Mutant Super Model explains why you don’t have to be Sarah Palin in order to be a feminist.

WE MISS CITIES SO HARD

Please do not use electronic devices until told it is safe to do so, first day of class instructions by Not of General Interest.

Texas isn’t the only state attacking education these days, but we really do not want this guy for president.

Thank you for this post, Kate Clancy.  Also Micro Dr.

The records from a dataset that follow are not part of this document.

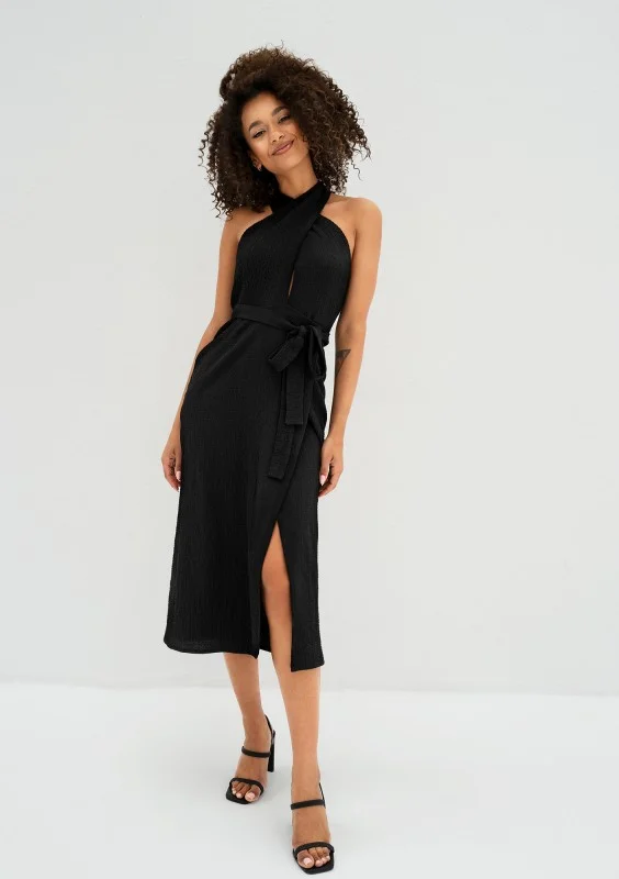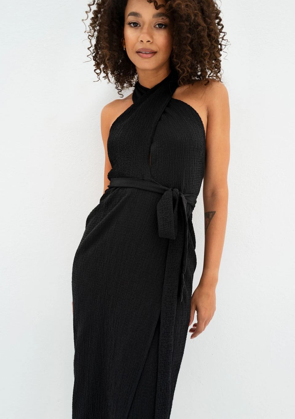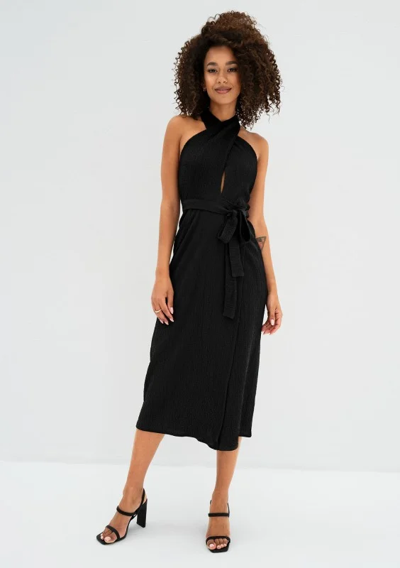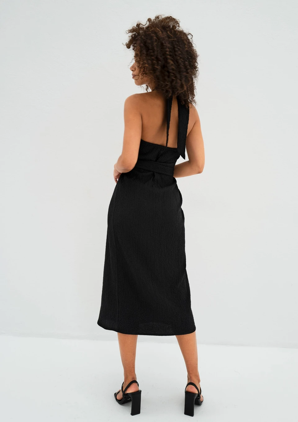 Czarna sukienka midi na lato, uszyta ze zwiewnej, kreszowanej tkaniny z wiskozą. Zakładana kopertowo, wiązana w talii i na szyi.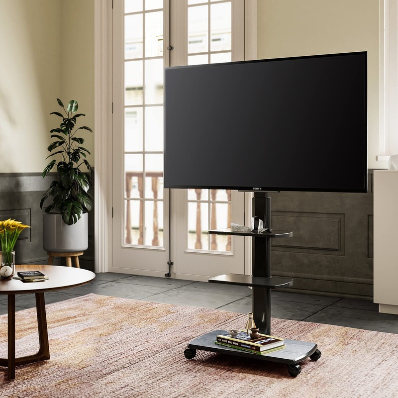 FITUEYES Rolling TV Stand, Mobile TV Cart on Wheels for 32-65 70 Inch Flat Screen TVs, Tall TV Floor Stand with Swivel Mount, Corner TV Stands for Bedroom, Outdoor, Home Office, Small Dorm, Black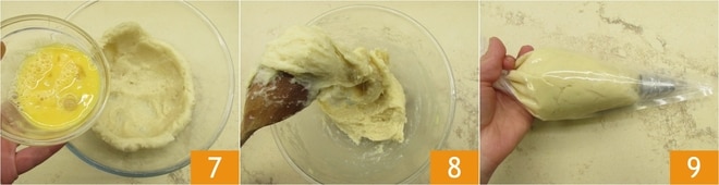 Cuando la mezcla esté templada, añade el huevo previamente batido 7 y mezcla enérgicamente para incorporarlo hasta que la masa esté lisa, compacta y homogénea 8. Transfiere la masa obtenida a una manga pastelera con boquilla de estrella de tamaño medio (nosotros usamos una de 15 mm) 9.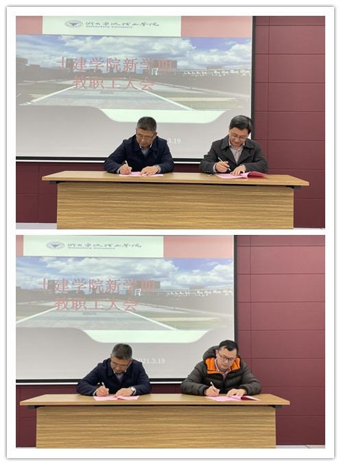 会后,王书记代表学院党政与各部门(单位)签订了《2021年安全稳定(反恐、禁毒)工作目标管理责任书》和《2021年意识形态工作责任书》。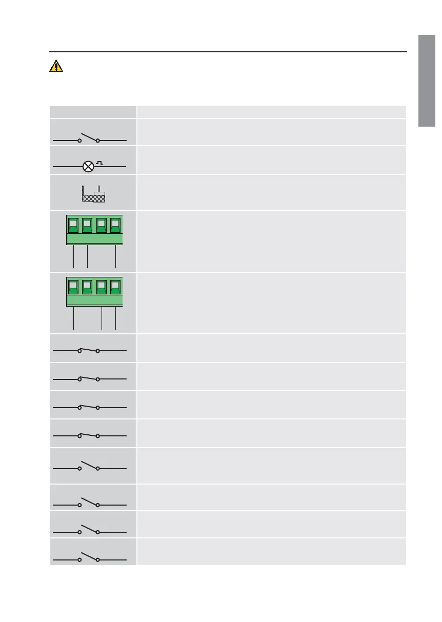 Le sicurezze con contatto N.C., se non installate devono essere ponticellate ai morsetti COM, oppure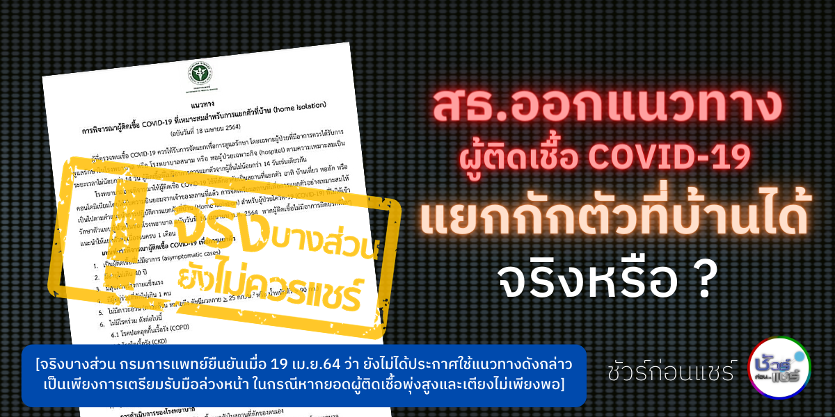 ศูนย์ชัวร์ก่อนแชร์ สำนักข่าวไทย อสมท ตรวจสอบจาก การแถลงข่าวสถานการณ์โรคไวรัสโคโรนา 2019 กระทรวงสาธารณสุข ประจำวันที่ 19 เมษายน 2564 พบว่า แนวทางการพิจารณาผู้ติดเชื้อ COVID-19 ที่เหมาะสมสำหรับการแยกกักตัวที่บ้าน (Home Isolation) ไม่ใช่แนวทางที่ใช้ในปัจจุบันแต่อย่างใด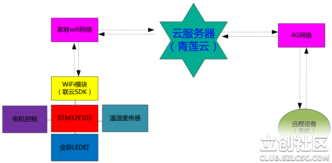 WiFi模块内部烧录好能够连接云端的SDK,这样能够保证系统正常的连接到云端,顺利的将数据上传到云,并且WiFi模块能够接受远程设备推送来的消息,然后将其传给STM32,从而使整套系统可以与云端对话。

O reiterates a post she’d made before that we agreed with then and agree with now.  And we wonder if the attackers are pro-life because they don’t seem to believe that pregnant women should be allowed to make educated decisions about their own bodies.  I always thought the ability to choose (what to do with her own body) is a feminist statement even if the choice made is irrelevant to the subject of feminism (or at least second order, as obviously all choices are influenced by environment).  I wonder if the attackers would argue that home births should be illegal, since that seems to be the direction their arguments point (included with:  should we also lock up pregnant women who smoke or drink, two activities that aren’t as ambiguous in terms of fetal and maternal health?).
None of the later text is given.